==== Stored data
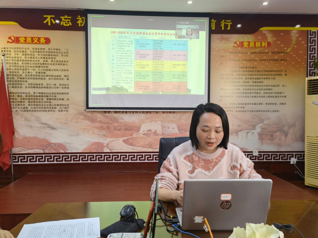 2022年1月6日上午,厦门市前埔南区小学与闽宁黄夷小学围绕学生工作中“年级项目活动推介”展开线上交流,教科室黄秀文老师开场并介绍与会人员。
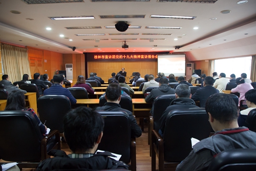 11月29日上午,桂林市党的十九大报告宣讲团成员、桂林理工大学马克思主义学院党委书记、教授、硕士生导师王青山到市科技局宣讲十九大精神。局机关以及局属二层单位80多名党员干部聆听了宣讲。
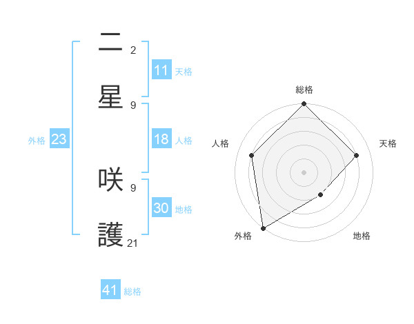 二星 咲護さんの総格は41画の5点!
========
The material must be restated verbatim. Its pictures must be omitted.

 2022年1月6日上午,厦门市前埔南区小学与闽宁黄夷小学围绕学生工作中“年级项目活动推介”展开线上交流,教科室黄秀文老师开场并介绍与会人员。
 11月29日上午,桂林市党的十九大报告宣讲团成员、桂林理工大学马克思主义学院党委书记、教授、硕士生导师王青山到市科技局宣讲十九大精神。局机关以及局属二层单位80多名党员干部聆听了宣讲。
 二星 咲護さんの総格は41画の5点!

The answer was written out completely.